» Dataset excerpt
○ ○ ○ ○
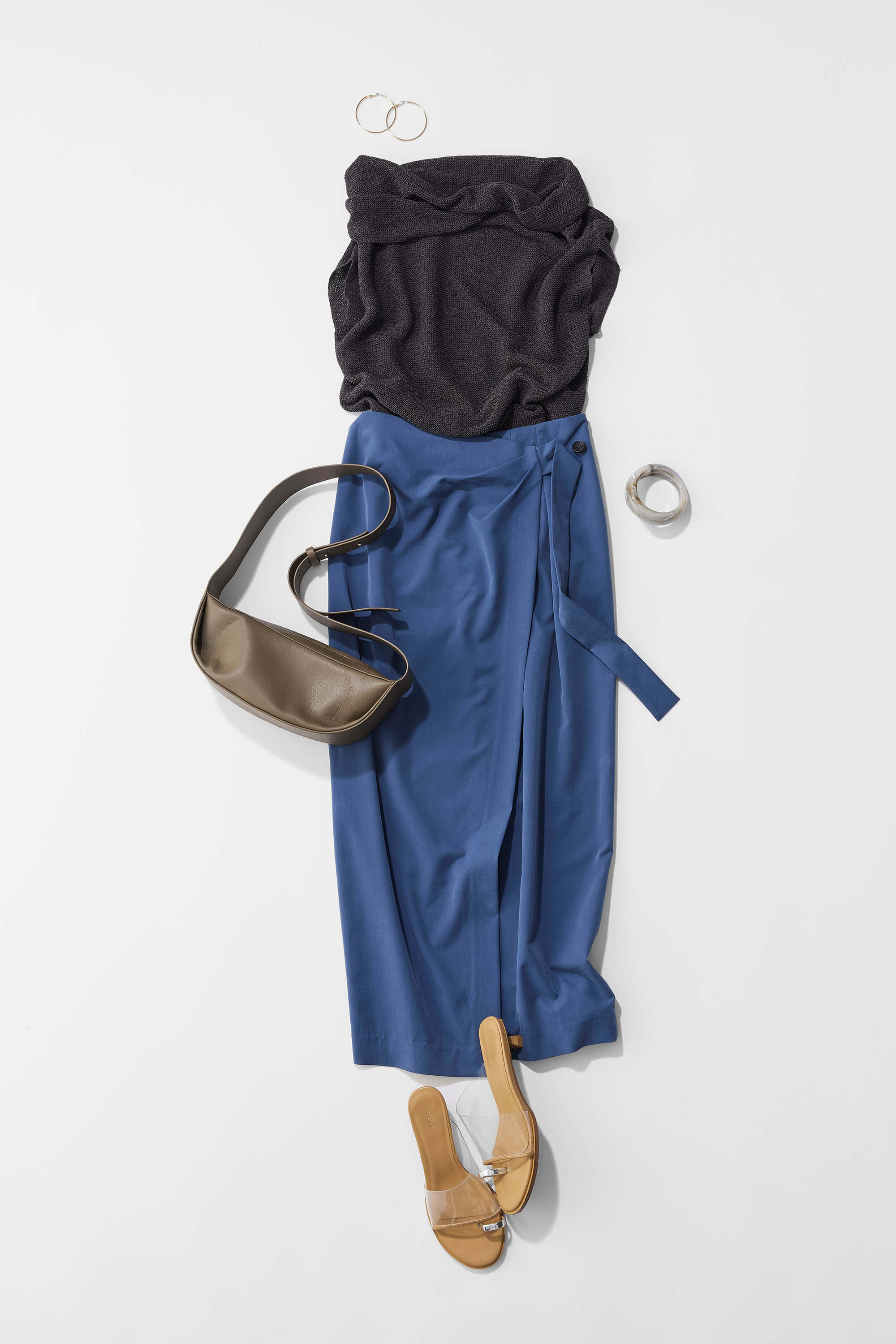鮮やかなブルーのスカートに、パキッとさせすぎないグレーのトップスを合わせたスタイリング。カラーに挑戦しつつも自然になじむ配色で、全体のバランスを整えています。スカートはタイトで長め丈なので、トップスはオフショルで少し肌見せを。かっちりしすぎず、程よくリラックス感のある大人のコーディネートに仕上げています。
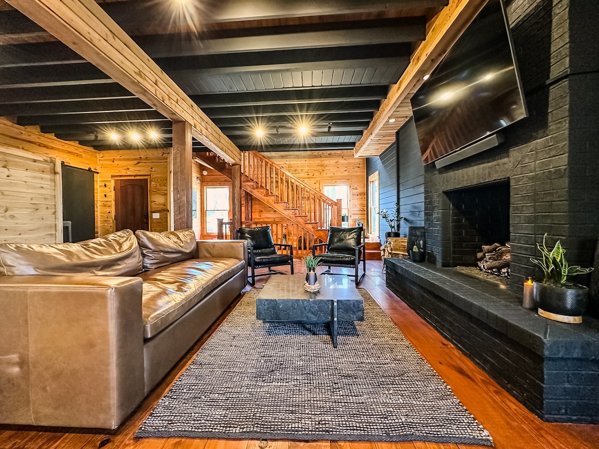 Just an hour from RTP, this sunset lakefront retreat is designed around the view, with expansive glass walls that bring Hyco Lake right into the living space. Spend the day on the water—launch a kayak, cast a line from the private dock, or relax by the lake—then unwind in the hot tub or around the fire pit as the sky turns gold. Perfect for romantic getaways, girls' weekends, or a peaceful midweek reset. Fast WiFi makes remote work easy, with on-site EV charging.
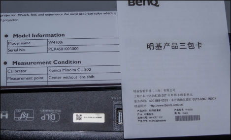明基W4100i影院投影机在出厂之前每一台机器都经过专业画质工程师的精心调校,每一台机器都会附上调校报告,色彩调校报告、机器、三包卡三码合一,实现了真正的“色彩”校准追溯。
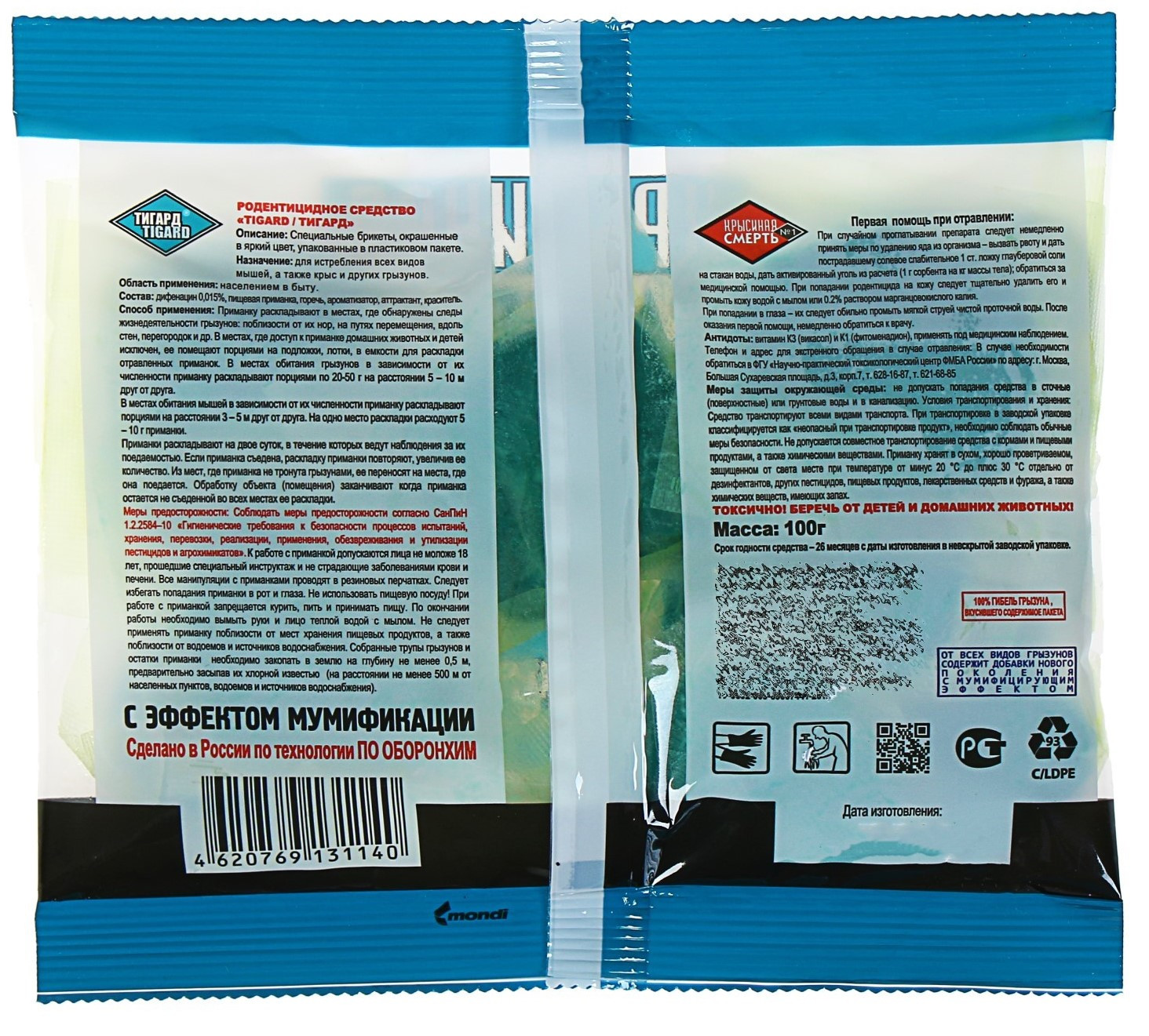 Средство Крысиная смерть № 1 раскладывают под укрытием в специальных или приспособленных для этого емкостях из картона, полиэтилена или жести пинцетом (чтобы исключить ) по пакетику для мышей, 2 — 3 пакетика для крыс в местах заселения грызунов, вблизи...
○ ○ ○ ○
» Task statement
All of the material must be repeated exactly in the answer, apart from the pictures.

» Exercise result
鮮やかなブルーのスカートに、パキッとさせすぎないグレーのトップスを合わせたスタイリング。カラーに挑戦しつつも自然になじむ配色で、全体のバランスを整えています。スカートはタイトで長め丈なので、トップスはオフショルで少し肌見せを。かっちりしすぎず、程よくリラックス感のある大人のコーディネートに仕上げています。
 Just an hour from RTP, this sunset lakefront retreat is designed around the view, with expansive glass walls that bring Hyco Lake right into the living space. Spend the day on the water—launch a kayak, cast a line from the private dock, or relax by the lake—then unwind in the hot tub or around the fire pit as the sky turns gold. Perfect for romantic getaways, girls' weekends, or a peaceful midweek reset. Fast WiFi makes remote work easy, with on-site EV charging.
明基W4100i影院投影机在出厂之前每一台机器都经过专业画质工程师的精心调校,每一台机器都会附上调校报告,色彩调校报告、机器、三包卡三码合一,实现了真正的“色彩”校准追溯。
 Средство Крысиная смерть № 1 раскладывают под укрытием в специальных или приспособленных для этого емкостях из картона, полиэтилена или жести пинцетом (чтобы исключить ) по пакетику для мышей, 2 — 3 пакетика для крыс в местах заселения грызунов, вблизи...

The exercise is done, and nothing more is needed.